* **Task to complete**: If a line in the records below holds the word "with", copy it.

* **Supplied material**:
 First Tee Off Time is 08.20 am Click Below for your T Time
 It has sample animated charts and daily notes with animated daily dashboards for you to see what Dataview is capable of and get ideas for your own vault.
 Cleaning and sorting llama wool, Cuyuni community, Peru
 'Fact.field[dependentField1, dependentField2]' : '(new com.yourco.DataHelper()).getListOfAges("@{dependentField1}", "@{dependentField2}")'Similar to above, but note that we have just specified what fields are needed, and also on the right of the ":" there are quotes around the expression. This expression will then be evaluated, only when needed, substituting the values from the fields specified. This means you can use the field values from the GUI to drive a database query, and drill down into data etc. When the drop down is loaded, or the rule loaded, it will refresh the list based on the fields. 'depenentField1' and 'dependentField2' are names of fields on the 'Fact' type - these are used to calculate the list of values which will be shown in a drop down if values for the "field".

==

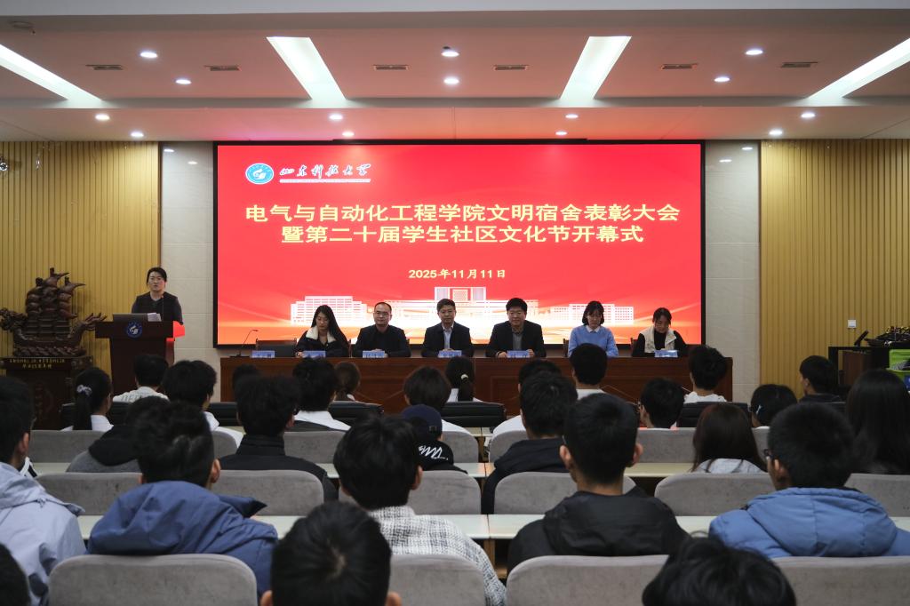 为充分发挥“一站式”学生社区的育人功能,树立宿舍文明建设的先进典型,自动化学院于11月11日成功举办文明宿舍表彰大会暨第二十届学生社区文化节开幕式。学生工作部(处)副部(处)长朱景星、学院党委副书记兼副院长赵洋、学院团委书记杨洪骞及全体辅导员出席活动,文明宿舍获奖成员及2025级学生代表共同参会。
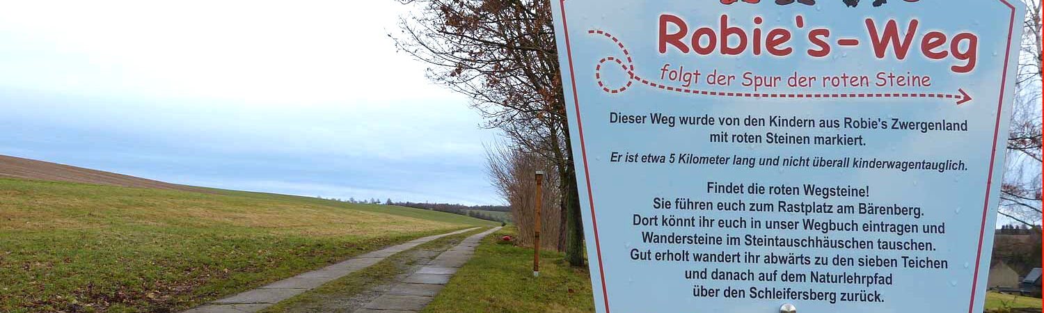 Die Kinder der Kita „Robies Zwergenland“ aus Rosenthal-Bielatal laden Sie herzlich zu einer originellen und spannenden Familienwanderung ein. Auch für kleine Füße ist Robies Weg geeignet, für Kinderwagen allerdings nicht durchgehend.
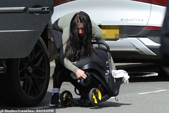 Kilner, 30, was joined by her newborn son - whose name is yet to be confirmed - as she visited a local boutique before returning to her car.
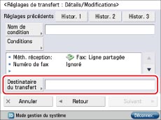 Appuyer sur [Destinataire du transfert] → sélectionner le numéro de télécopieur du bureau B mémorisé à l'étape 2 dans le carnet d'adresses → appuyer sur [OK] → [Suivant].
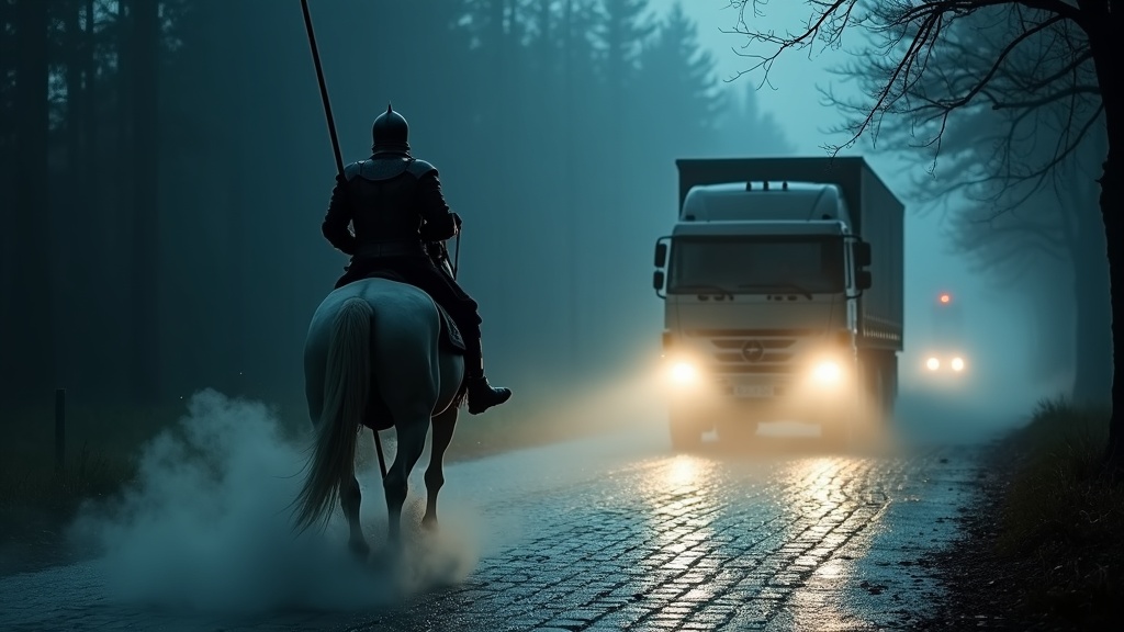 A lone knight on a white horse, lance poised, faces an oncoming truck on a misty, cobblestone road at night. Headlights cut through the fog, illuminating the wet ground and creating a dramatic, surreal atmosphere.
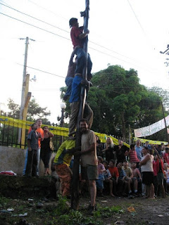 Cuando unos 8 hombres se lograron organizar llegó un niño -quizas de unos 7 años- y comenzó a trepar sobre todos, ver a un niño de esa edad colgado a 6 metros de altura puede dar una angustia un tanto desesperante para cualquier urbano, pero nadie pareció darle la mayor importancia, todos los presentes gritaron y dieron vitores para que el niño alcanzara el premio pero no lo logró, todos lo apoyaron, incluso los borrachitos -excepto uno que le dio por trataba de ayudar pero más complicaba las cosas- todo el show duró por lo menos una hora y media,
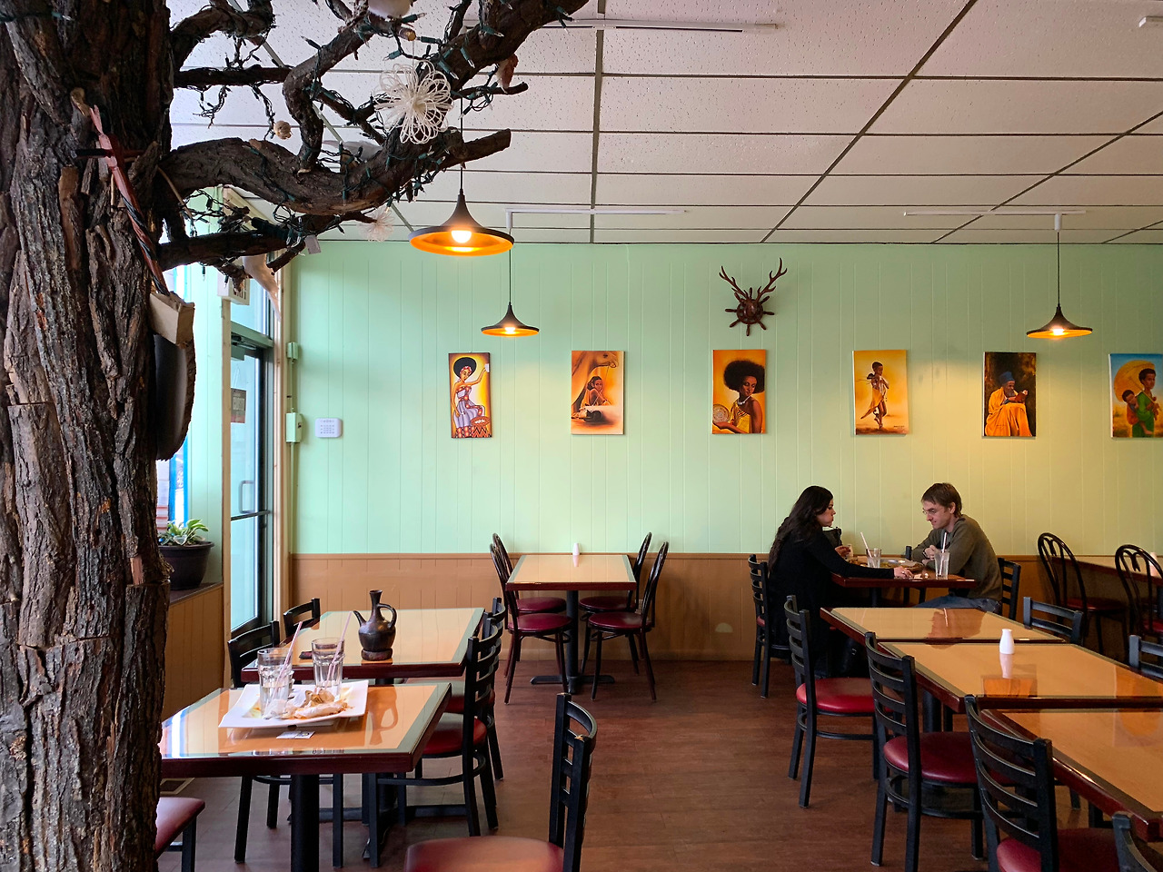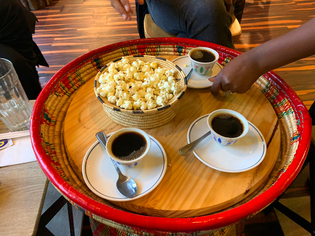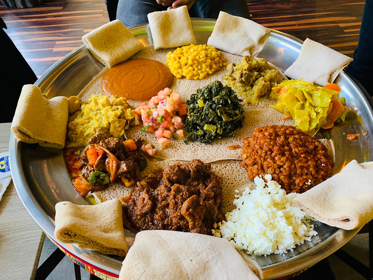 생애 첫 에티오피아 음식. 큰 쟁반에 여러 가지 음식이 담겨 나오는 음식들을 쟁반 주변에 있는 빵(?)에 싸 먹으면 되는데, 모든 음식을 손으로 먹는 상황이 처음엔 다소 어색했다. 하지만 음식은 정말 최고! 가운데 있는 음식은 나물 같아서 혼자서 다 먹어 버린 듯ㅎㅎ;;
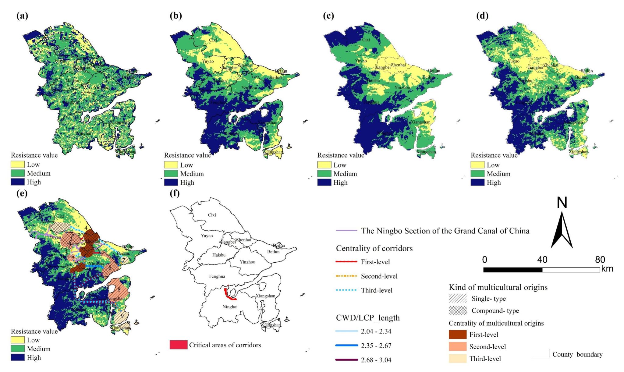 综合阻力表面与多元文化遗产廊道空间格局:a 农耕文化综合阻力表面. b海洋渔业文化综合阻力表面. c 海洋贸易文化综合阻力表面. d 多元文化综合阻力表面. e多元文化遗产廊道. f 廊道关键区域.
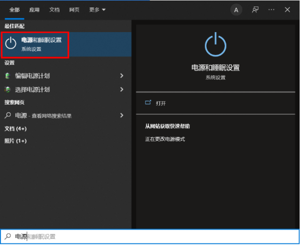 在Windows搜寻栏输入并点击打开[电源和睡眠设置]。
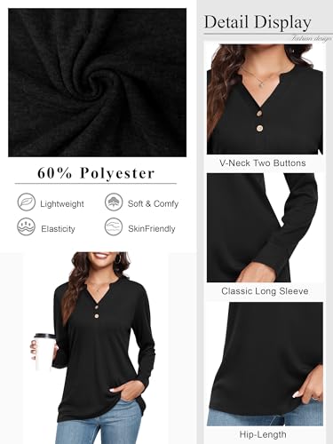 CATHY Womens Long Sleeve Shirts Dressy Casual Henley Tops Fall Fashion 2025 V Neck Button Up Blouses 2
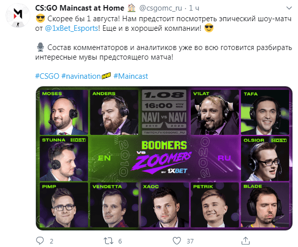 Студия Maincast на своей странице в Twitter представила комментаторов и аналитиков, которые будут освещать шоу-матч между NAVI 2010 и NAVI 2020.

==

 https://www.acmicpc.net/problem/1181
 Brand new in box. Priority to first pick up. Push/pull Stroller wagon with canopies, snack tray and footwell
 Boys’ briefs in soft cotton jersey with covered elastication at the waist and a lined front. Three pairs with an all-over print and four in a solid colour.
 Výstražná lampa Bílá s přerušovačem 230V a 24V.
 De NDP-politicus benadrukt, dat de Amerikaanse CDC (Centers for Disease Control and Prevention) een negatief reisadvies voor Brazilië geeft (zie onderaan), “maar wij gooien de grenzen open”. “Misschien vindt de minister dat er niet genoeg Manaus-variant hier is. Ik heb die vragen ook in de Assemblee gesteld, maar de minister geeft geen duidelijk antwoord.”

* **Response area**:
 It has sample animated charts and daily notes with animated daily dashboards for you to see what Dataview is capable of and get ideas for your own vault.
 Brand new in box. Priority to first pick up. Push/pull Stroller wagon with canopies, snack tray and footwell
 Boys’ briefs in soft cotton jersey with covered elastication at the waist and a lined front. Three pairs with an all-over print and four in a solid colour.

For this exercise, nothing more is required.